Bought a Pentax Auto 110 with 18mm and 24mm lenses last night, should be here in the next few days.
Completely automatic exposure (the shutter and the diaphragm are one and the same, and therefore higher shutter speeds also stop it down - with speeds 1/60s and up, IIRC, the shutter never fully opens, and the shutter is essentially a two-blade compact camera-style diaphragm,) but manual focus. Because of the shutter, lenses have no diaphragm, and are all f/2.8 - even the 20-40 zoom.
Oh, and it's one of the smallest SLRs ever made, and the smallest SLR system ever made (the three common primes - 18 wide angle, 24 normal, and 50mm tele (the other lenses are a 70mm tele, a fixed-focus 18, and a 20-40 zoom,) and the camera can fit in one hand) - it's significantly smaller than even my PowerShot A560.

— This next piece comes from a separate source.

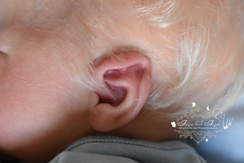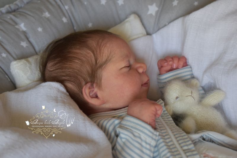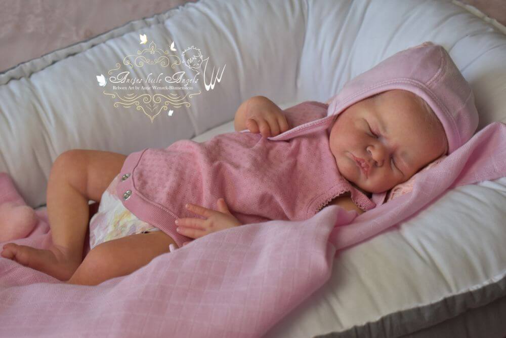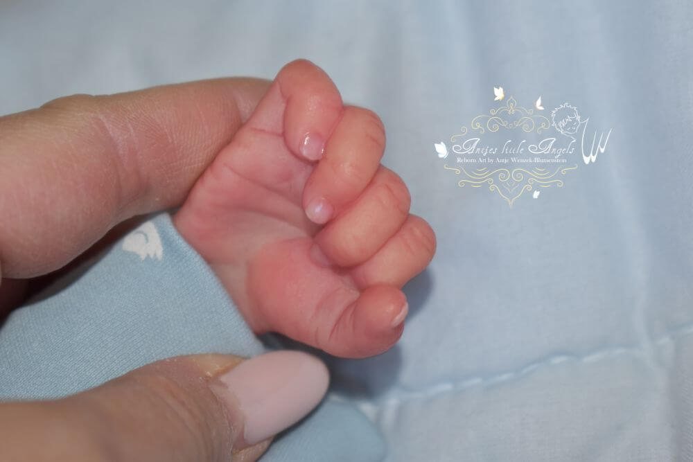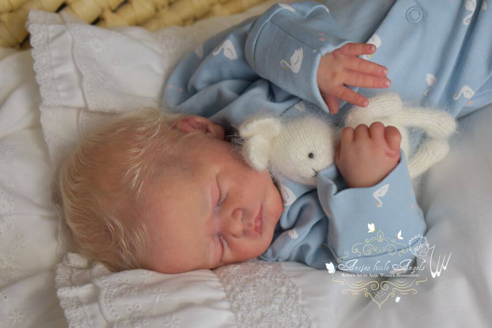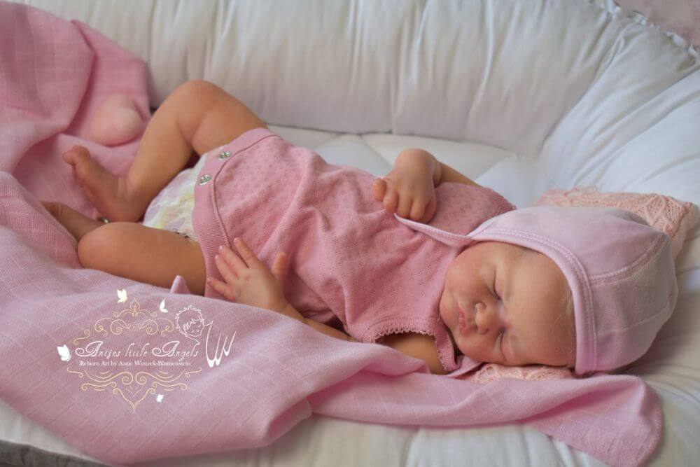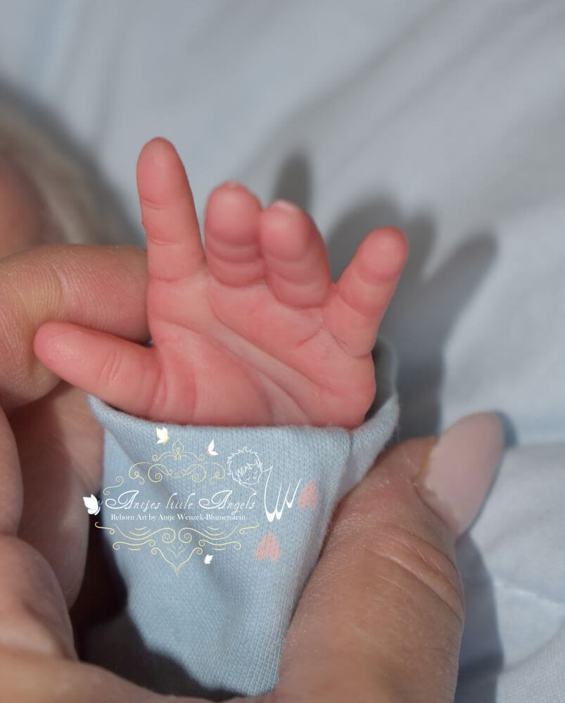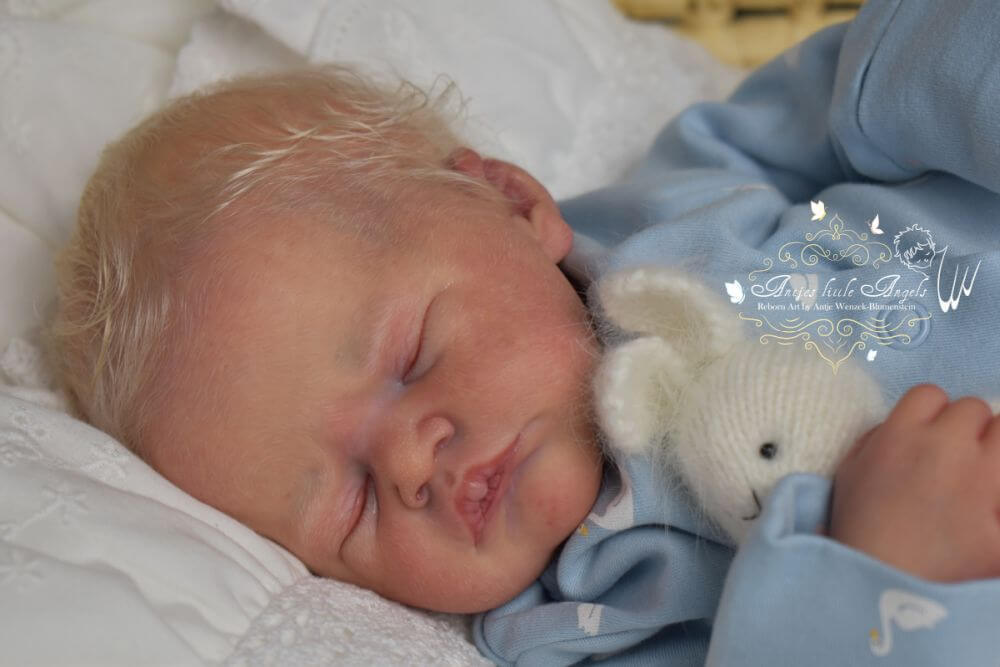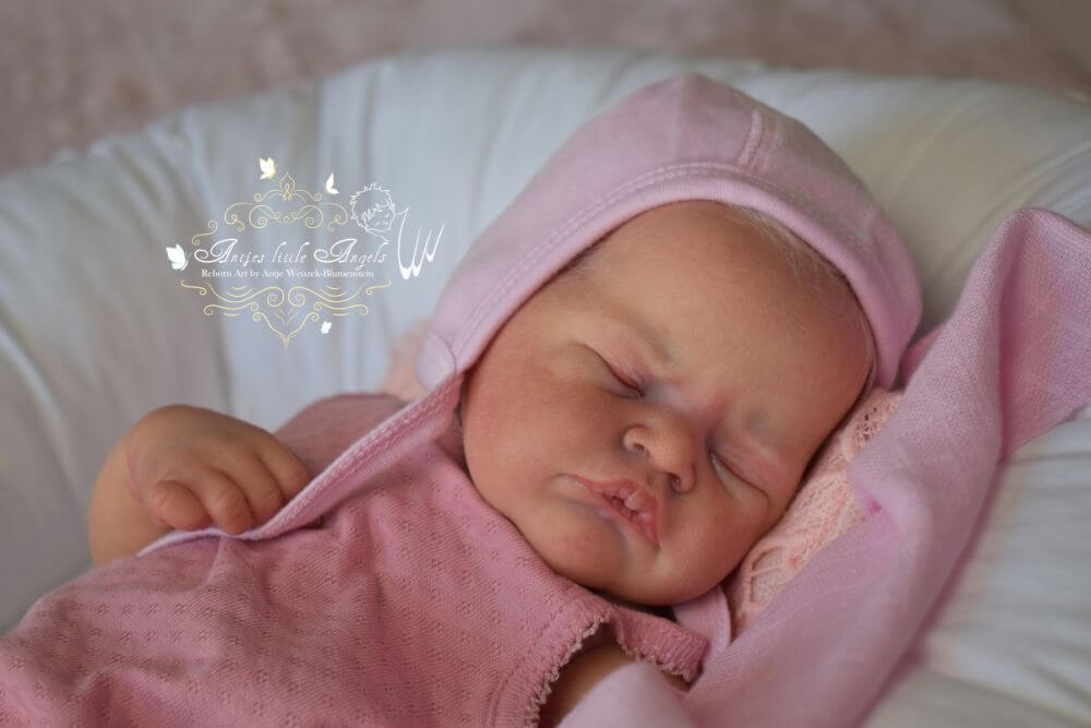 Die kleine Gretel wurde modelliert von Emily Jameson. Sie ist ein ganz zartes kleines Baby von 44 cm Größe.Gretel hat lange Arme und Beine, die in einen Einbindekörper gebunden. Sie hat leicht gewelltes, wunderbar weiches Mohair in der Farbe blond von Susan Nagel. Gretel hat eine Neugeborenen Färbung mit allen Merkmalen.

Downside is, it shoots 110. (This does give it a 2x crop factor, and because the entire system was designed around 110, everything is TINY. The 24mm lens is the size of a freaking soda bottle cap, apparently.)
I want to find a dead Four Thirds or Micro Four Thirds camera, and graft the electronics onto the back, making a digital back for it. There'll need to be some trickery to get the digital camera to not be pissed off by the lack of a shutter and (in the case of a standard 4/3) mirror, among other things, but I think it's doable. (The lens isn't an issue, 4/3 and u4/3 cameras support a mode for shooting "without a lens" when the lens doesn't have electronics - and, in fact, the Pentax Auto 110 lenses are popular on u4/3 cameras.)